Expectation $M'_X(0) = \lambda$. Second derivative:
$$
M''_X(0) = \lambda e^t \exp \left( \lambda \left( e^t - 1 \right) \right) + \lambda e^t \exp \lambda e^t \left( \lambda \left( e^t - 1 \right) \right)
$$

Second moment $M''_X(0) = \lambda + \lambda^2$. Variance $\mathbb{V}\text{ar}(X) = \lambda + \lambda^2 - \lambda^2 = \lambda$.
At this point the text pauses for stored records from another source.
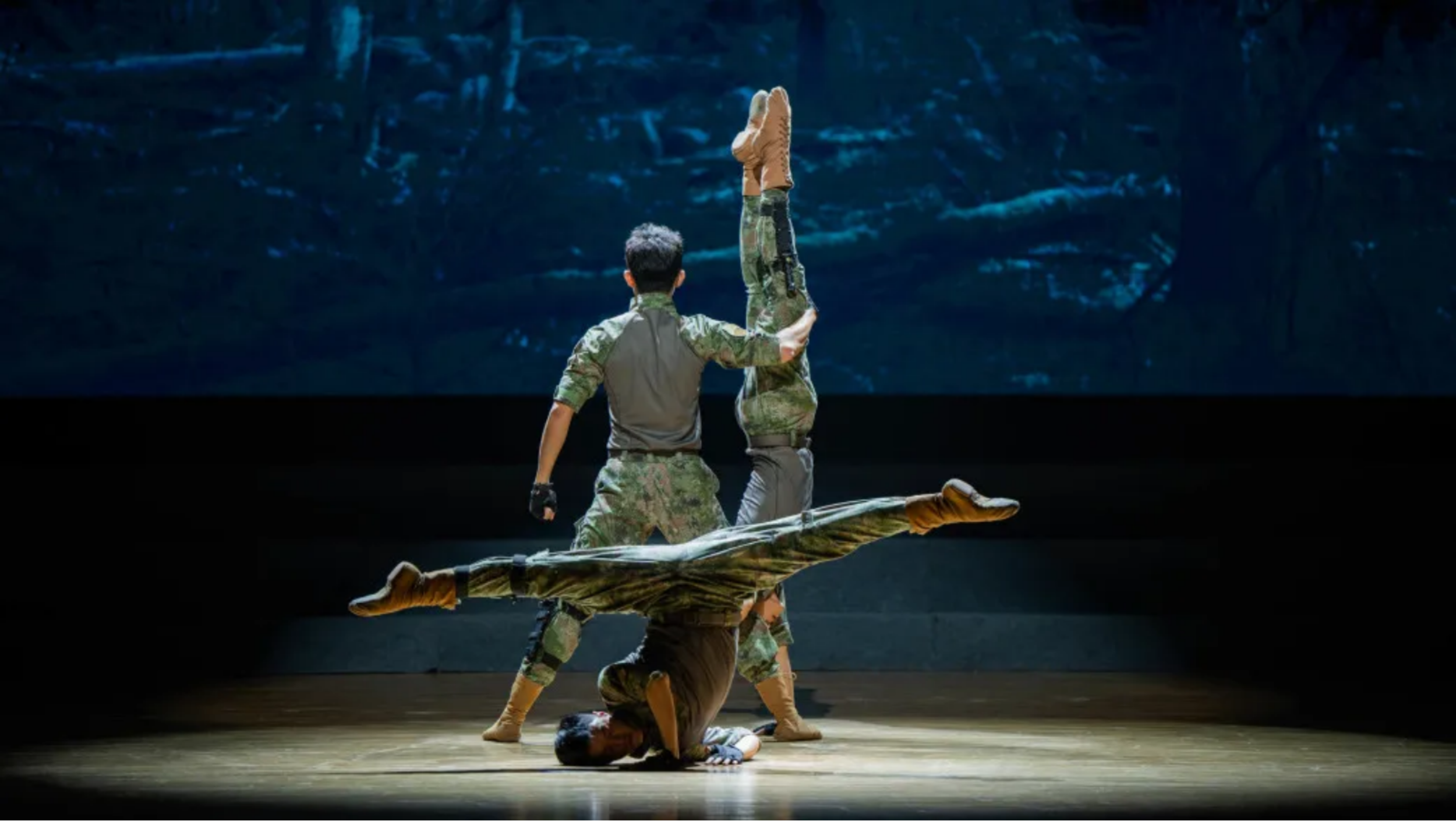 腾空、旋转、跳跃……舞蹈《尖兵》用一系列高难度的技巧动作展现了官兵在艰苦环境和极限挑战下的训练生活,激情演绎出全体官兵敢打必胜的信念和一往无前的战斗意志。
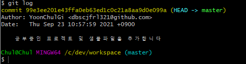 git log 명령어는 프로젝트의 커밋 내역을 확인해 볼 수 있습니다. 저자, 날짜, 커밋메세지 등이 보이네요 !
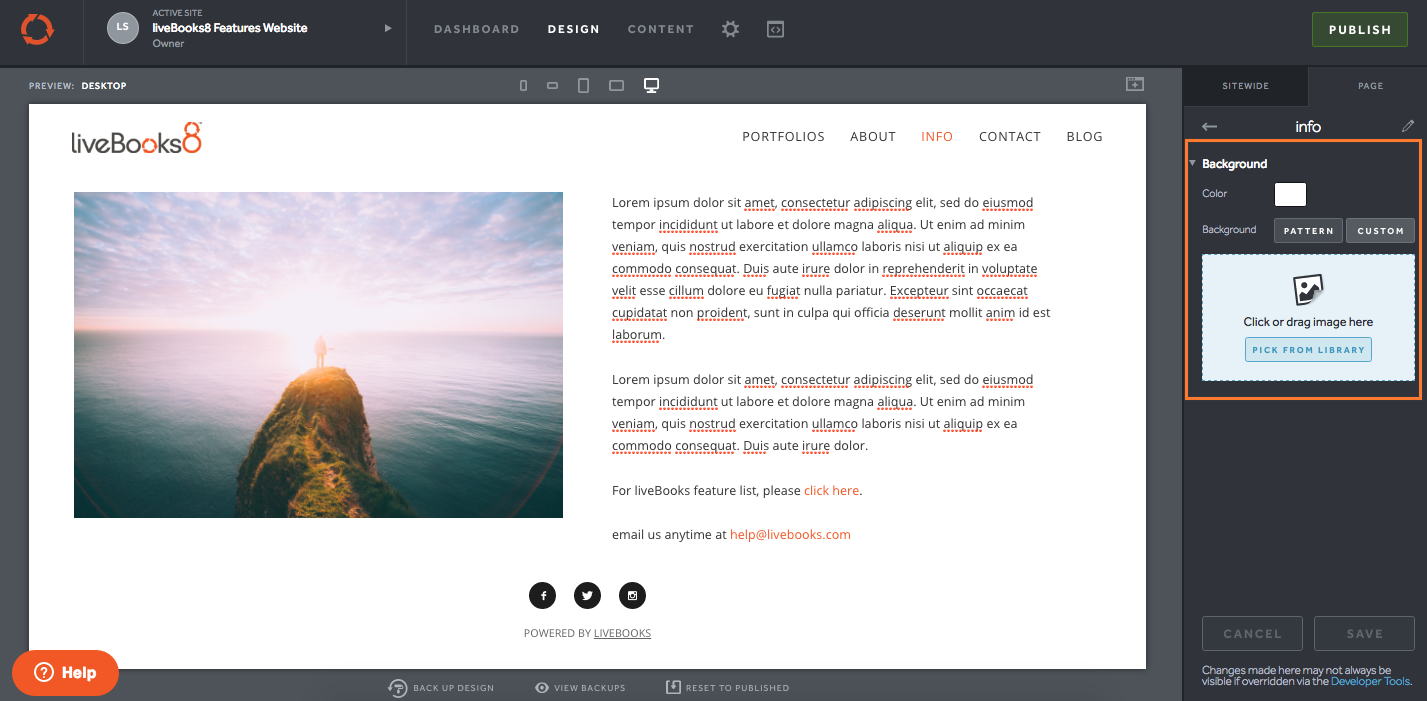 2. Select the Page tab in the right-hand menu of the Design panel and select the Background button at the bottom of the page information.

## Example 3: Gaussian MGF

Consider $X \sim \mathcal{N}(\mu, \sigma^2)$. What is $M_X(t)$? Find expectation and variance using MGF.

## Solution 3

First let's find for $Y \sim \mathcal{N}(0, 1)$, then apply properties.
$$
\begin{aligned}
M_Y(t) & = \mathbb{E}\left[e^{tY}\right] = \frac{1}{\sqrt{2\pi}} \int\limits_{-\infty}^\infty e^{tx} e^{-x^2 / 2} dx = \frac{1}{\sqrt{2\pi}} \int\limits_{-\infty}^\infty \exp\left( -\frac{x^2 - 2tx}{2}\right) dx = \\
& = \frac{1}{\sqrt{2\pi}} \int\limits_{-\infty}^\infty \exp\left( -\frac{(x - t)^2 - t^2}{2}\right) dx = \\
& = \exp\left( \frac{t^2}{2} \right) \frac{1}{\sqrt{2\pi}} \int\limits_{-\infty}^\infty \exp\left( -\frac{(x - t)^2}{2}\right) dx = \exp\left( \frac{t^2}{2} \right)
\end{aligned}
$$

## Solution 3 (continued)

From properties, $M_X(t) = e^{\mu t} M_Y(\sigma t) = \exp \left( \mu t + \frac{t^2 \sigma^2}{2} \right)$. First derivative:
$$
M'_X(t) = \left( \mu + t \sigma^2 \right) \exp \left( \mu t + \frac{t^2 \sigma^2}{2} \right)
$$

Second derivative:
$$
M''_X(t) = \sigma^2 \exp \left( \mu t + \frac{t^2 \sigma^2}{2} \right) + \left( \mu + t \sigma^2 \right)^2  \exp \left( \mu t + \frac{t^2 \sigma^2}{2} \right)
$$

Expectation: $M'_X(0) = \mu$, variance $M''_X(0) - \left( M'_X(0) \right)^2 = \sigma^2$.

# Random vector

## Random vector: definition
Consider probability space $(\Omega, \mathcal{F}, \mathbb{P})$. Then, a **random vector** is a borel function
$$
\mathbf{X}: \Omega \to \mathbb{R}^n,
$$
where $\mathbf{X} = (X_1, \ldots, X_n)^\top$. Every component $X_i$ of the vector is a random variable. The converse is also true: for any r.v.s $X_1, \ldots, X_n$ a vector $(X_1, \ldots, X_n)^\top$ is a random vector.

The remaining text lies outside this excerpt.